New Mexico’s cash register rang loudly for fiscal year (FY) 2017, signaling proceeds of $455 million from energy and mineral production on federal and Native American lands, an increase of $86.5 million from FY 2016, according to the U.S. Department of Interior.
It was the largest state increase in the nation, Interior said, attributing the increase to higher oil prices, which increased to around $53/bbl at the end of September from $45/bbl in September 2016.
Nationwide, Interior attributed the revenue increases, including from offshore drilling on federal leases, “primarily…to a larger number of lease sales totaling higher acreage, efforts to streamline permitting and reduce regulatory burdens, and higher oil and gas prices experienced during the year as the economy and exports have continued to expand.”

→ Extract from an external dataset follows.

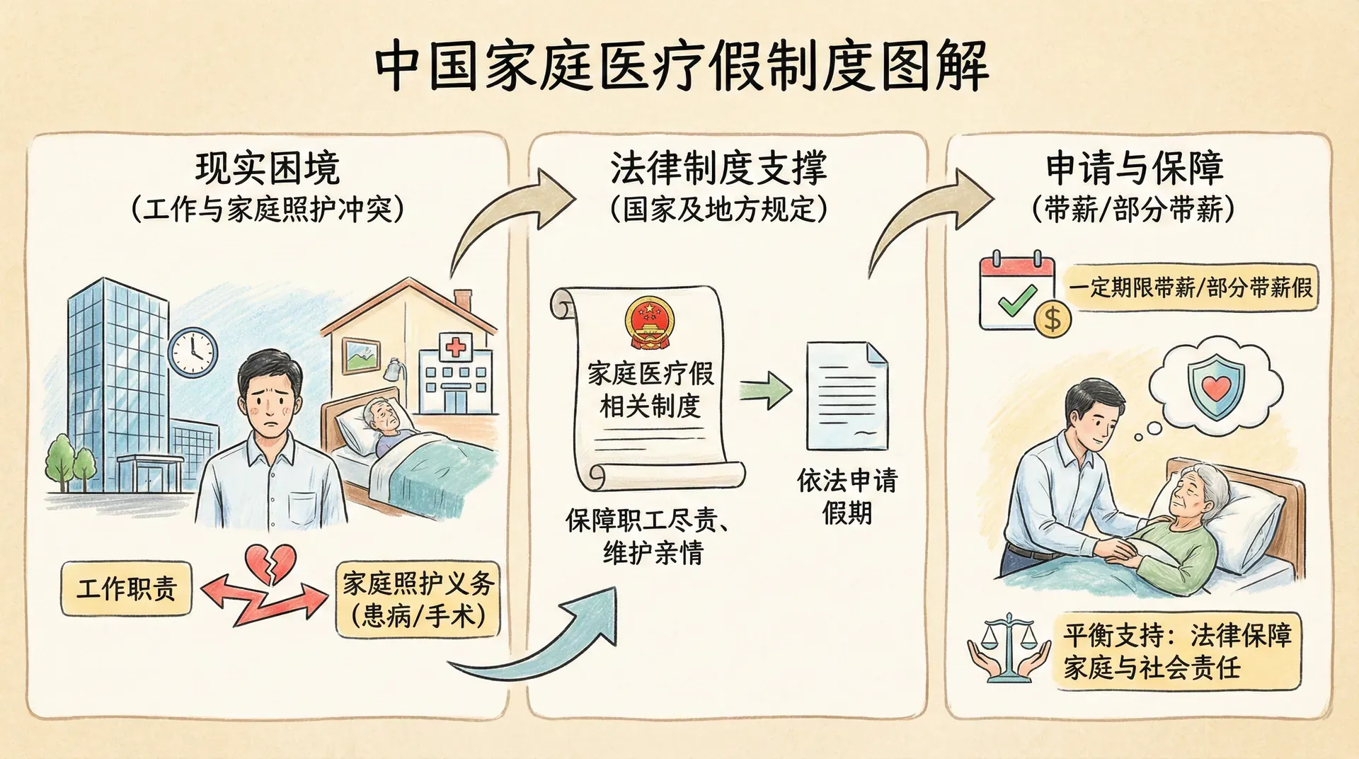 当家庭成员(如父母、配偶、子女等)因患病、手术、住院等原因需要他人照料时,职工往往需要在工作职责与家庭照护义务之间做出艰难的取舍。面对这种现实困境,为了保障职工能够尽到家庭成员照护义务、维护亲情关系,同时不因履行家庭责任而受到工作上的不利影响,国家及部分地方出台了家庭医疗假相关制度。

“That money goes back to communities for things like public works projects, educational improvements, conservation/parks development, and infrastructure upgrades,” Interior Secretary Ryan Zinke said.
Separately, New Mexico State Lands Office (SLO) officials reported that ramped up interest in the Permian Basin, which traverses the southeastern corner of the state, generated nearly $8 million from an auction in October. Nearly $60 million was raised through state lease sales in FY 2017, according to SLO.
In June, New Mexico’sSLO held an oil and natural gas lease sale that collected $654,448, prompting stakeholders to point to the gold rush-like exploration and production investment pouring into the Permian’s Delaware sub-basin in southeastern New Mexico.